Phototherapy, when given during ongoing poisoning, reduced apparent uptake rates and improved survival.
To demonstrate a less invasive, and perhaps more clinically practical, means of providing this therapy, the group used an esophageal optical fiber placed in mice with CT scan guidance to optimize proximity to the lungs.

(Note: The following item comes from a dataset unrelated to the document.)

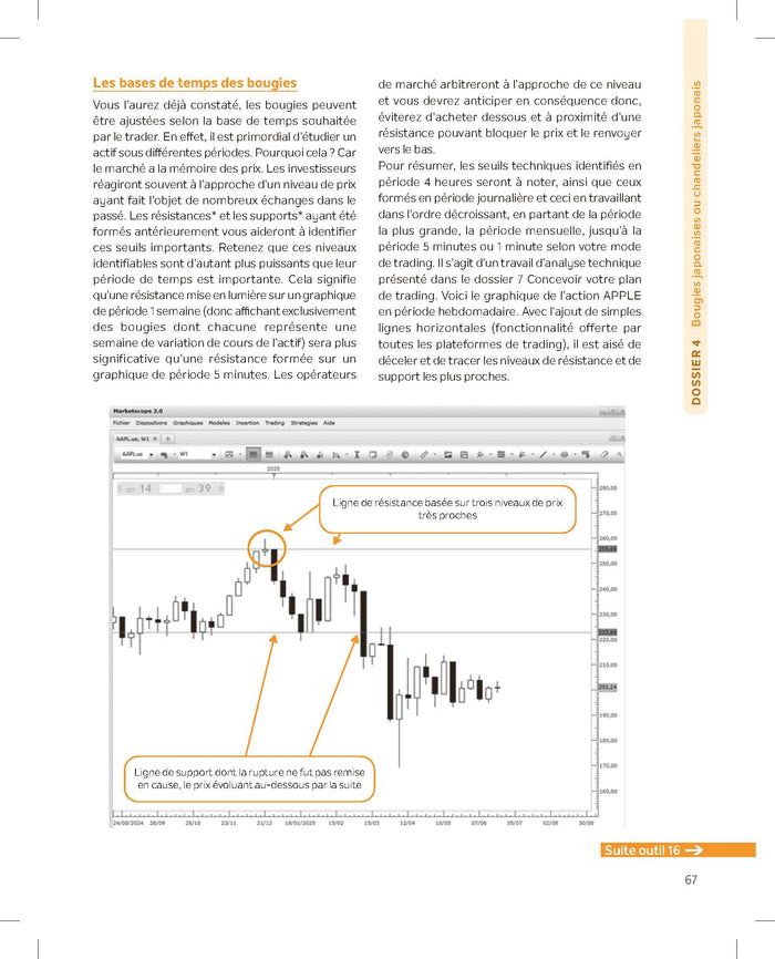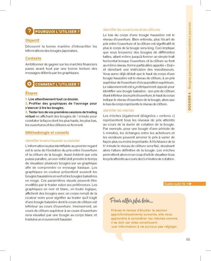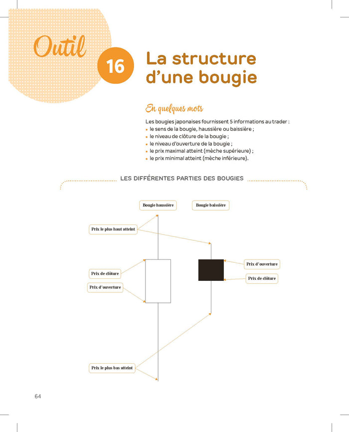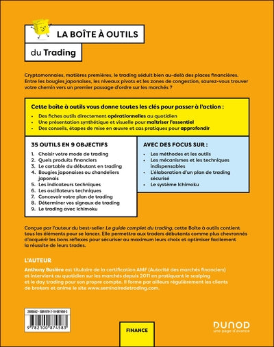 PrésentationCryptomonnaies, matières premières, le trading séduit bien au-delà des places financières.  Entre les bougies japonaises, les niveaux pivots et les zones de congestion, saurez-vous trouver votre chemin vers un premier passage d’ordre sur les marchés ? Cette boîteà outils vous donne toutes les clés pour passerà l’action : • Des fiches outils directement opérationnelles au quotidien • Une présentation synthétique et visuelle pour maîtriser l’essentiel • Des conseils,étapes de mise en oeuvre et cas pratiques pour approfondir 35 OUTILS EN 9 OBJECTIFS 1. Choisir votre mode de trading 2. Quels produits financiers 3. Le cartable du débutant en trading 4. Bougies japonaises ou chandeliers  japonais 5. Les indicateurs techniques 6. Les oscillateurs techniques 7. Concevoir votre plan de trading 8. Déterminer vos signaux de trading 9. Le trading avec Ichimoku AVEC DES FOCUS SUR : • Les méthodes et les outils • Les mécanismes et les techniques  indispensables • L’élaboration d’un plan de trading  sécurisé • Le système Ichimoku Conçue par l’auteur du best-seller Le guide complet du trading, cette Boîteà outils contient  tous leséléments pour se lancer. Elle permettra aux traders débutants comme plus chevronnés  d’acquérir les bons réflexes pour sécuriser au maximum leurs choix et optimiser facilement  la réussite de leurs trades.,SommaireDossier 1 CHOISIR VOTRE MODE DE TRADING • Outil 1 Appréhender le swing trading • Outil 2 Appréhender le day trading . • Outil 3 Appréhender le scalping Dossier 2 QUELS PRODUITS FINANCIERS ? • Outil 4 Comprendre la mosaïque des instruments financiers  • Outil 5 Comprendre les actions  • Outil 6 Comprendre les CFD (Contracts for Difference) • Outil 7 Comprendre les contrats futures • Outil 8 Comprendre les paires de devises (FOREX– Foreign Exchange)  • Outil 9 Comprendre les cryptomonnaies  • Outil 10 S’approprier les instruments financiers du swing trading • Outil 11 S’approprier les instruments financiers  du day trading et du scalping Dossier 3 LE CARTABLE DU DÉBUTANT EN TRADING • Outil 12 Choisir ordinateurs, smartphones,écrans et débit web  • Outil 13 Le capital de départ • Outil 14 Le choix du courtier ou du broker  • Outil 15 Le choix d’une plateforme de trading Dossier 4 BOUGIES JAPONAISES OU CHANDELIERS JAPONAIS • Outil 16 La structure d’une bougie  • Outil 17 Les mèches  • Outil 18 La volatilité Dossier 5 LES INDICATEURS TECHNIQUES  • Outil 19 Les bandes de Bollinger • Outil 20 Les moyennes mobiles exponentielles • Outil 21 Le SAR Dossier 6 LES OSCILLATEURS TECHNIQUES • Outil 22 LE MACD  • Outil 23 LE CCI  • Outil 24 LE RSI Dossier 7 CONCEVOIR VOTRE PLAN DE TRADING • Outil 25 Architecture générale d’un plan de trading  • Outil 26 Plan de trading sur signal unique  • Outil 27 Plan de trading multisignaux • Outil 28 L’analyse technique  • Outil 29 Les dangers de l’effet de levier Dossier 8 DÉTERMINER VOS SIGNAUX DE TRADING • Outil 30 Les signaux des MME  • Outil 31 Les signaux des bandes de Bollinger Dossier 9 LE TRADING AVEC ICHIMOKU  • Outil 32 Comprendre le concept de base • Outil 33 La Kijun et la Tenkan  • Outil 34 La Chicou  • Outil 35 La Span A, la Span B, le nuage et les Twists  Glossaire Afficher moinsAfficher plus
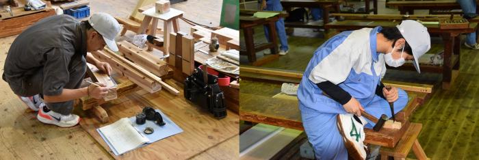 五月病もなんのその!訓練生は午前中に座学、午後からは実習に励んでいます。建築工学科2年生は、木組みの小屋製作と並行して、昨年度購入した「くさび緊結式足場」を設置しました。室内造形科2年生は製品製作に奮闘しています。1年生は初めて扱う工具の使用法や刃物研ぎに四苦八苦!

This also reduced the half-life of COHb, although to a lesser extent than the direct invasive lung phototherapy approach.
Although this technology is quite innovative and opens the door to new thinking on how to enhance CO clearance rates without hyperbaric oxygen, the thoracotomy approach to phototherapy is associated with as many or more limitations as hyperbaric oxygen.
The use of a less invasive trans-esophageal illumination is clearly feasible, as esophageal suction catheters and balloon devices are frequently placed in medical practice and in emergent situations. However, this approach will be challenged by the limited tissue penetration of the 630 nm wavelength of light, which is the absorbance of ferric hemoglobin within the visible range (14).
Unfortunately, illumination at the near-infrared or infrared range for deeper tissue penetration has minimal effects on CO dissociation rates from hemoglobin (13, 15). Although the 630 nm light worked in a mouse with a thin esophagus, it would not be expected to work in a human with much thicker esophageal and mediastinal tissue separating the light source from the pulmonary circulation.
Even in the mouse, the effect size of the esophageal phototherapy was less than that observed with direct phototherapy of the exposed lung. For example, the control 100% oxygen half-life of COHb in mice was 6.8 minutes, and the esophageal illuminary therapy only lowered the COHb half-life to 5.7 minutes.
There is a large body of evidence that the toxicity of CO poisoning, and specifically neurocognitive deficits, is not from COHb levels per se, but is, rather, a result of the effects of mitochondrial poisoning, free-radical generation, and activation of the immune response (2,6). A now classic canine study illustrated the importance of cellular toxicity and the effect of CO diffusion into tissues (16). In this study, the toxicity of inhaled CO was greater than the toxicity of the same concentration of COHb, given as an infusion of ex vivo CO-treated red blood cells. It is unclear whether phototherapy could be expected to be better than hyperbaric therapy at reversing such effects, which require release of CO from cytochrome c oxidase into the circulation to bind with hemoglobin or to diffuse directly into exhaled breath. In fact, this might require direct tissue phototherapy for enhanced dissociation from cytochrome c oxidase.
Although these challenges suggest limitations to the current therapy, the technology developed in this study highlights the promise of reducing COHb half-lives in the blood, using photodissociation methods.
This concept opens the door to alternative, more efficient methods for the delivery of phototherapy. Similar to hemodialysis, extracorporeal photodynamic blood illumination has been proposed to externally remove blood, exposing blood to an illuminator and reperfusing blood back to the patient (17).
Perhaps this technology could be adapted to dialysis circuits, which are more readily available than hyperbaric oxygen therapy, which is offered at only several hundred centers in the United States (18). Total body cutaneous illumination for CO photodissociation has also been proposed, provided the photolyzed CO does not rebind completely before flow to the pulmonary arterioles and capillaries for diffusion to exhaled breath (19). Another option may be development of light-emitting nano or microparticles, such as quantum dots, which would deliver the light directly to red blood cells and tissues (20).
There are clearly several creative ways this technology could be modified to a more translatable therapy, now that these first quite important and innovative proof-of-concept studies have shined a light on a new path to cure.